Setahun yang lalu, pemerintah Uganda memberlakukan pajak dengan tarif tinggi atas penggunaan media sosial. Penerapan pajak tersebut memaksa jutaan orang untuk meninggalkan beberapa platform media sosial seperti Twitter dan WhatsApp.
Pihak berwenang Uganda mengatakan pemberlakukan pajak tersebut untuk mengekang pembicaraan yang tak berguna. Namun, terdapat beberapa kritik yang menuding tindakan tersebut sebagai upaya untuk menghentikan perbedaan pendapat.

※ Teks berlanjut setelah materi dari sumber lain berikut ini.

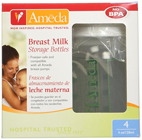 Ameda Breast Milk Storage Bottles, 4 Ounce, 4 Pack
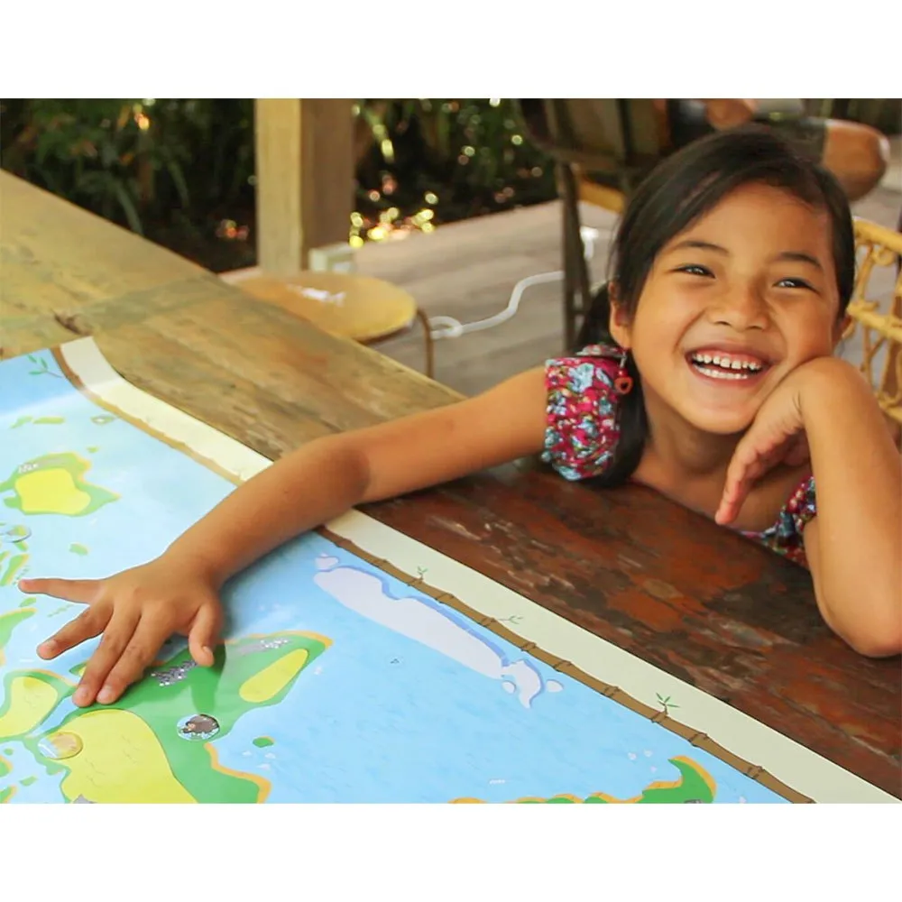 La mappa è adatta ai bambini di qualsiasi parte del mondo perché la base e gli adesivi non hanno nulla di scritto in nessuna lingua!
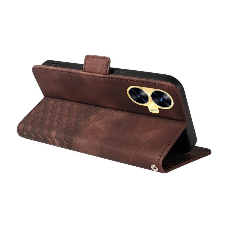 For Realme C55 Embossed Rhombus Starry Leather Phone Case(Brown)
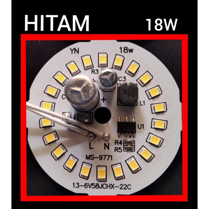 PCB LED AC 18W HITAM D-57MM
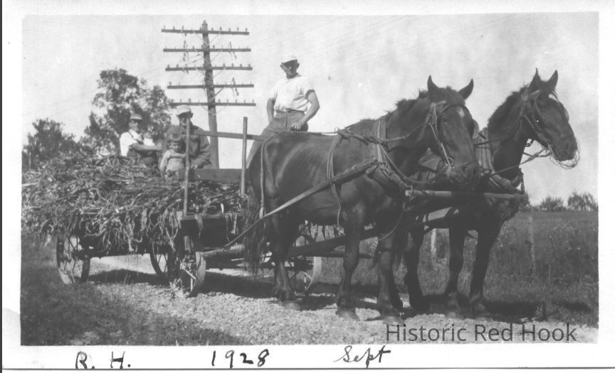 Horse drawn wagon pictured in September, 1928 at the Vogel Farm in Red Hook, New York. Walter Vogel standing in white shirt.Photograph Details
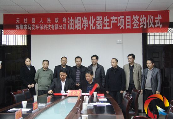 本網訊 11月28日,天柱縣人民政府與深圳市馬發環保科技有限公司達成5億元油煙凈化器生產項目簽約儀式在天柱縣招商和商務局會議室舉行,縣長陸再義代表天柱縣人民政府在簽約席上簽字,縣人大常委會副主任楊紹球、副縣長王興友、縣政協副主席潘海濤、縣工業園區管委會常務副主任黃大為及相關部門代表參加了此次簽約活動。
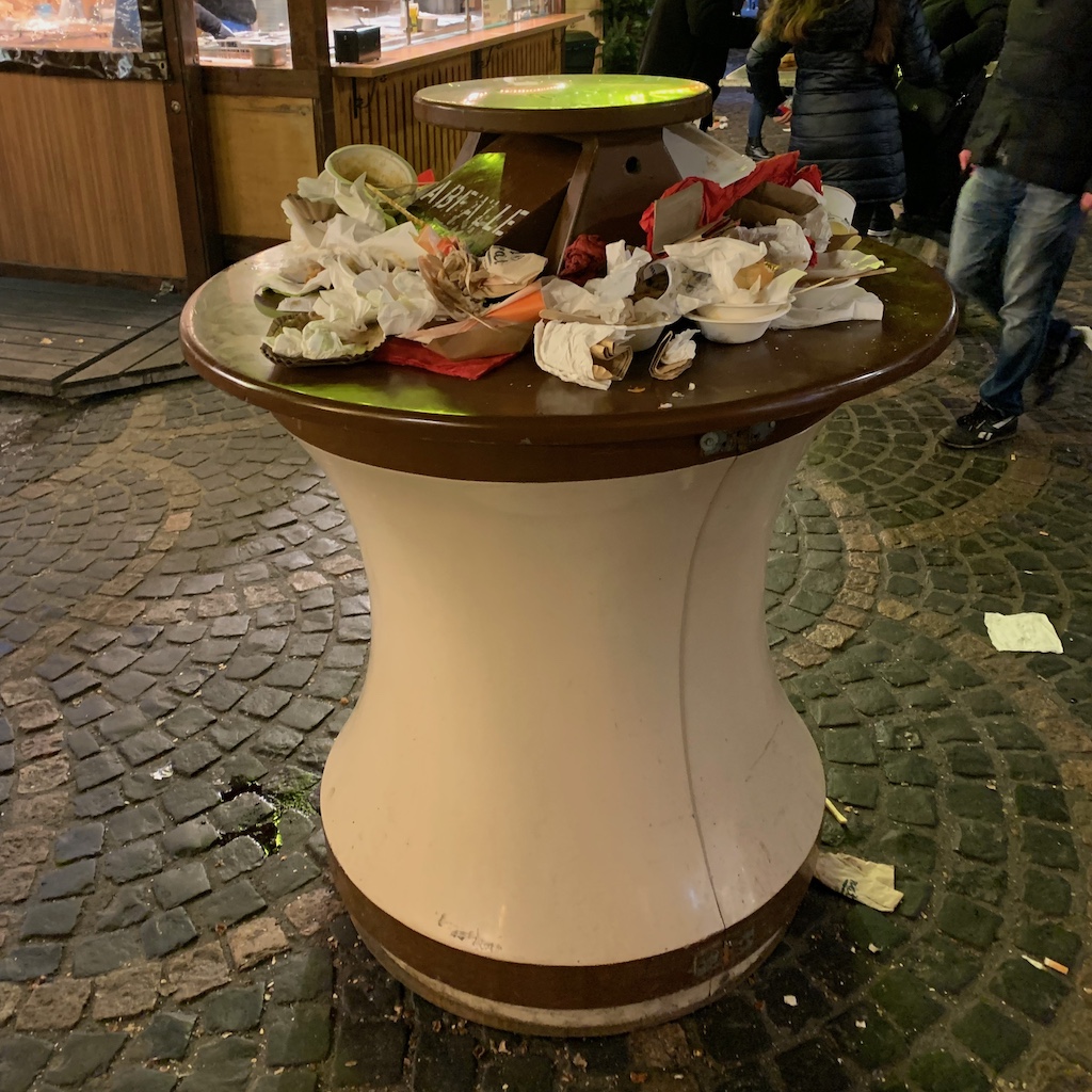 Donnerstag: Abends trafen wir uns mit einer Sektion der Karnevalsgesellschaft auf dem Weihnachtsmarkt, derweil Sturmtief Zoltan zürnte. Nicht schlimm, für uns war ein Tisch reserviert im Hinterzimmer einer Budengaststätte ungefähr von der Größe unserer Küche, nur voller Menschen, wohingegen größere Menschenansammlungen in unserer Küche seit mehreren Jahren nicht mehr vorkommen, was keineswegs zu beklagen ist. Neben uns in der Stube traf sich eine etwa dreißigköpfige Gruppierung eines anderen Bonner Karnevalsvereins, zu deren Zugangsvoraussetzungen offenbar gehört, eine Sprechstimme von mindestens hundertzwanzig Dezibel vorzuweisen. Mit anderen Worten: Es war unangenehm laut. Mit zunehmendem Alter behagt es mir immer weniger, mich in geschlossenen Räumen aufzuhalten, wo mehr als zehn Personen durcheinander reden. Erst recht, wenn dazu laute Musik, schlimmstenfalls Livemusik gespielt wird, wovon heute Abend zum Glück abgesehen wurde.
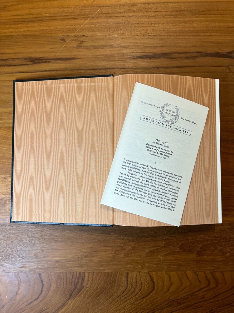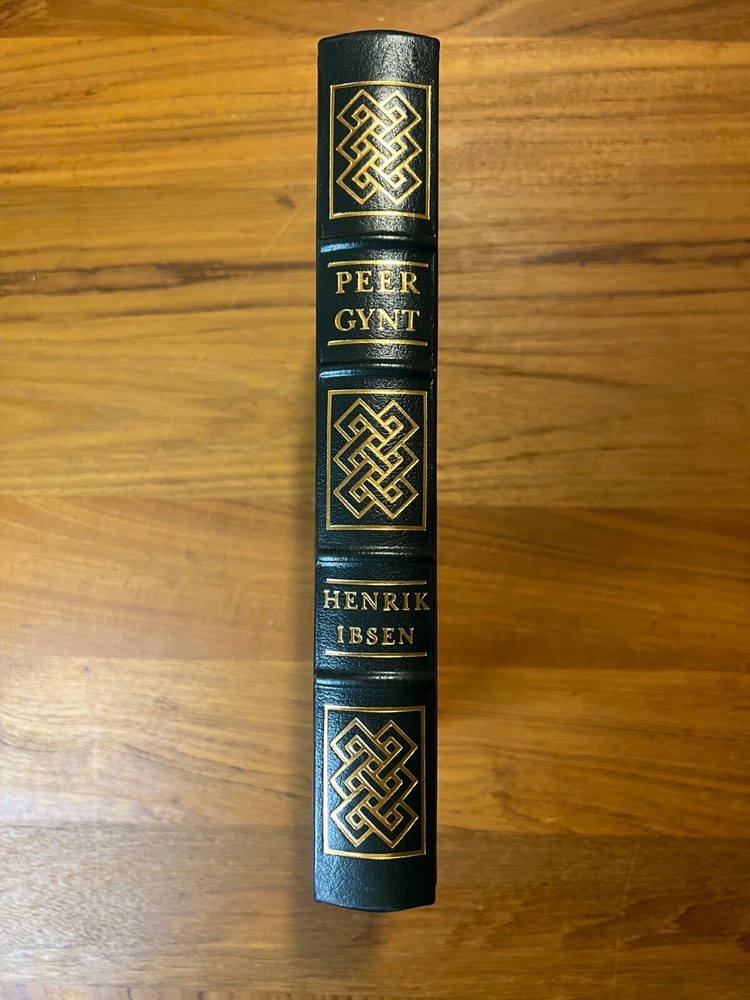 PEER GYNT - Easton Press - Henrik Ibsen - Leather Bound 1985 Famous Edition The product is a rare and collectible leather-bound edition of the famous play "Peer Gynt" by Henrik Ibsen, published by Easton Press in 1985 and illustrated by Per Krohg. This edition is a valuable addition to any collector's library, showcasing Ibsen's timeless work in a luxurious and durable format. With its high-quality craftsmanship and desirable characteristics, this edition is sure to be a treasured possession for fans of classic literature and collectors alike. The binding is square and tight. The pages are clean and unmarked. The gilt edges are clean. The condition is excellent.

Selanjutnya, di Kenya, pemerintah meningkatkan pajak atas transfer uang digital. Bahkan, pada bulan ini, Kenya Revenue Authority mengatakan akan mulai membebani pajak pada banyak aplikasi yang tengah dikembangkan dan diunduh di negara itu.

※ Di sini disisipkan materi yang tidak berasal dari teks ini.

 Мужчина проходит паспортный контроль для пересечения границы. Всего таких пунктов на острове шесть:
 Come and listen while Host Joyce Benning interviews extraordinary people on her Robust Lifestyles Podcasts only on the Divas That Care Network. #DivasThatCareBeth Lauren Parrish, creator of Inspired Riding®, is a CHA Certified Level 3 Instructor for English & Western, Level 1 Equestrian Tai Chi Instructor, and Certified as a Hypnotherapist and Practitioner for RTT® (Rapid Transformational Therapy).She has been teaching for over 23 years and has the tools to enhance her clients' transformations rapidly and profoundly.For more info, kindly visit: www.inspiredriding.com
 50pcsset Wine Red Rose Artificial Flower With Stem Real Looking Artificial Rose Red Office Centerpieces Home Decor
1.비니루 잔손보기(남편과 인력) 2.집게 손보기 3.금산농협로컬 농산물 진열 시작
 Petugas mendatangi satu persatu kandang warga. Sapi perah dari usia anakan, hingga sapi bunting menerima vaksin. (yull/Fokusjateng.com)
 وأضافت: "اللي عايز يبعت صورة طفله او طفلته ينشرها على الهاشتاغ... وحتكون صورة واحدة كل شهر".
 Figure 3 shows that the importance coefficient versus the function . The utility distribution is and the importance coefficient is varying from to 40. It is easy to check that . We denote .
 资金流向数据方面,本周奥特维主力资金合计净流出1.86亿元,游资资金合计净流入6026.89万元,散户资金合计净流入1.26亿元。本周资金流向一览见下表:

Menanggapi hal tersebut, Kepala Lembaga Urusan Ekonomi Kenya Kwame Owino mengatakan masyarat akan menemukan cara untuk menghindari pajak atas penggunaan platform digital. Hal ini lantaran masyarakat bisa saja menganggap pemerintah telah mengenakan pajak yang terlalu tinggi.
“Pajak ini akan memacu masyarakat untuk kembali menggunakan metode informal. Dengan demikian model transaksi akan kembali turun ke level yang lebih rendah. Misalnya, mereka mungkin memutuskan untuk kembali menyimpan uang dibawah kasur seperti biasanya,” Kata Owino
Selaras dengan Owino, banyak ekonom dan pengguna platform digital khawatir pertumbuhan bisnis akan mendapat pukulan besar akibat semakin banyaknya negara mengenakan yang pajak atas penggunaan teknologi.

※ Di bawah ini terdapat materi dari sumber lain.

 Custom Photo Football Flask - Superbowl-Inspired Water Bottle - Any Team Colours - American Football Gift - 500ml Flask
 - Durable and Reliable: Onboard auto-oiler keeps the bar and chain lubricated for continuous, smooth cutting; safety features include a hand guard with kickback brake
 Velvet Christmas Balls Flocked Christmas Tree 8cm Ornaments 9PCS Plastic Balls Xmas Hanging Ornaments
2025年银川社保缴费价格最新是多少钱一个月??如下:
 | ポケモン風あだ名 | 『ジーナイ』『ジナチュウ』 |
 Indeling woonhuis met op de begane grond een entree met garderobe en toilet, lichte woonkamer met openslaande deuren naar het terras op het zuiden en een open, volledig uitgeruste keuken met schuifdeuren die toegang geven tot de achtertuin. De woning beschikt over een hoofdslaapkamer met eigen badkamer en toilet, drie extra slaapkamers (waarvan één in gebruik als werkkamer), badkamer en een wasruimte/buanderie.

Padahal, seperti dilansir voanews, menurut beberapa analis bisnis, setidaknya 100 juta orang di benua tesebut menggunakan layanan digital. Selain itu, perusahaan teknologi di Afrika sudah menghadapi tantangan terkait dengan infrastruktur dan Internet di beberapa wlayah yang lambat dan mahal. (MG-nor/kaw)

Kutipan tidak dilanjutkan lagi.